■ DATA SEGMENT:

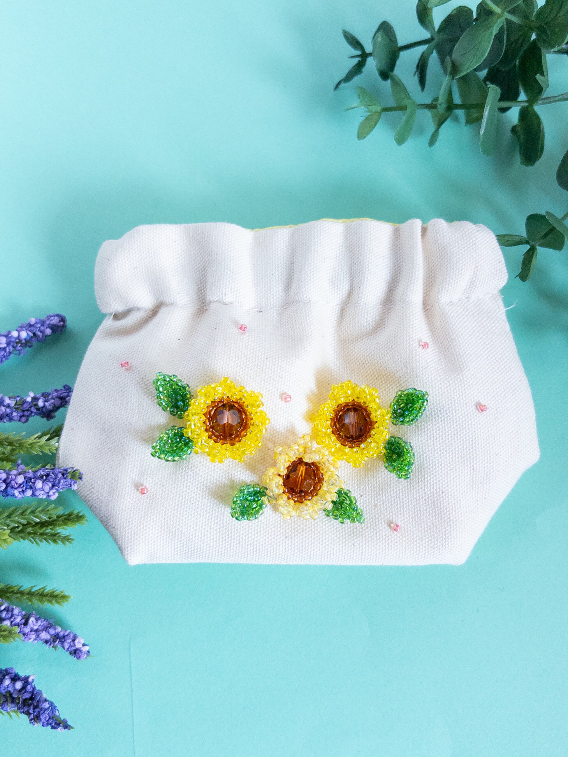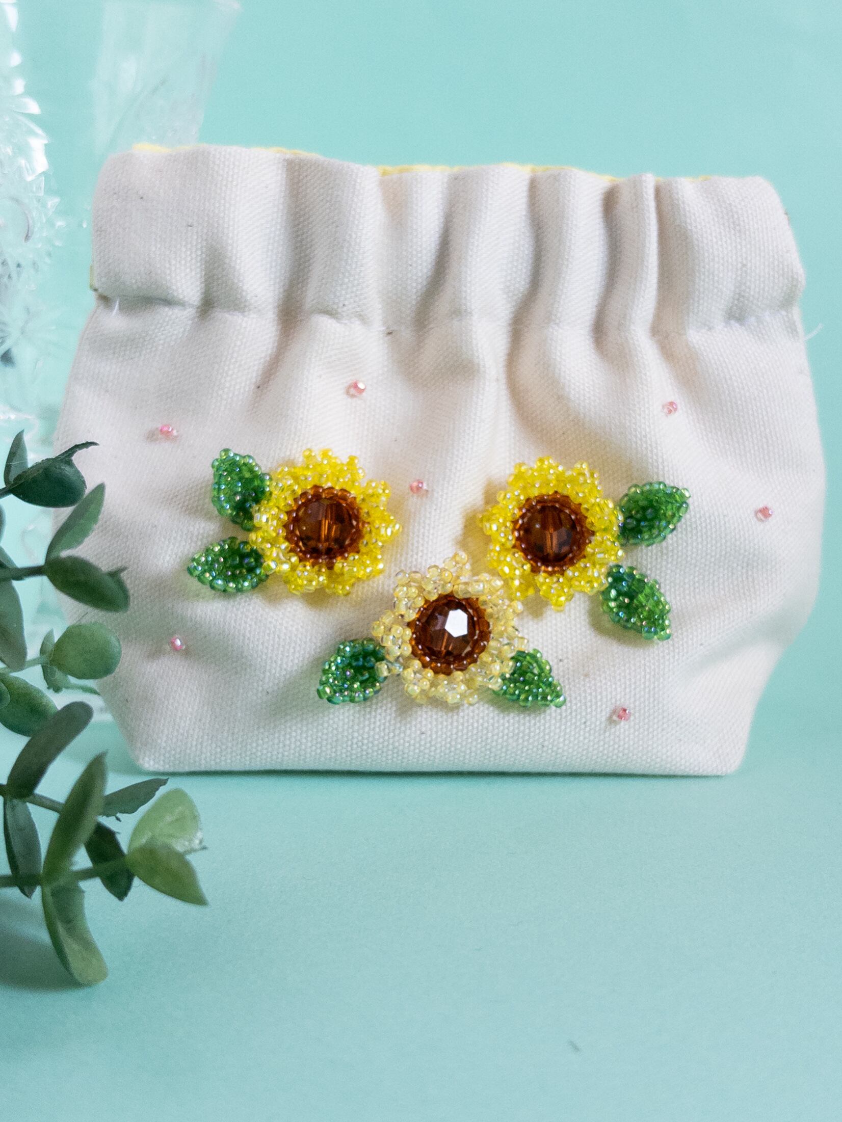 ひまわりのビーズ刺繍バネ口ポーチで、明るい気持ちを日常に取り入れてみませんか?
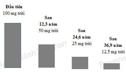 1.3 Chu kì bán hủy của một chất phóng xạ là khoảng thời gian cần thiết để một nửa lượng chất đó bị phân rã. Chu kì bán hủy của triti là 12,3 năm. Mô hình sau cho thấy sự biến đổi của lượng triti theo thời gian
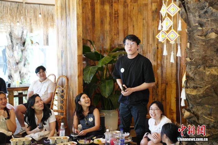 4月12日,参加澜湄之约青春行——泰国华裔青年企业家西双版纳交流营的泰国嘉宾,走进云南省西双版纳州景洪市,与当地青年企业家座谈交流,共叙友谊话发展。图为泰国华裔青年企业家发言。中新社记者 刘冉阳 摄

■ AIM OF THE EXERCISE: Would you copy all of the data exactly? Keep the pictures out of it.

■ OUTPUT OF THE EXERCISE:
 ひまわりのビーズ刺繍バネ口ポーチで、明るい気持ちを日常に取り入れてみませんか?
 1.3 Chu kì bán hủy của một chất phóng xạ là khoảng thời gian cần thiết để một nửa lượng chất đó bị phân rã. Chu kì bán hủy của triti là 12,3 năm. Mô hình sau cho thấy sự biến đổi của lượng triti theo thời gian
 4月12日,参加澜湄之约青春行——泰国华裔青年企业家西双版纳交流营的泰国嘉宾,走进云南省西双版纳州景洪市,与当地青年企业家座谈交流,共叙友谊话发展。图为泰国华裔青年企业家发言。中新社记者 刘冉阳 摄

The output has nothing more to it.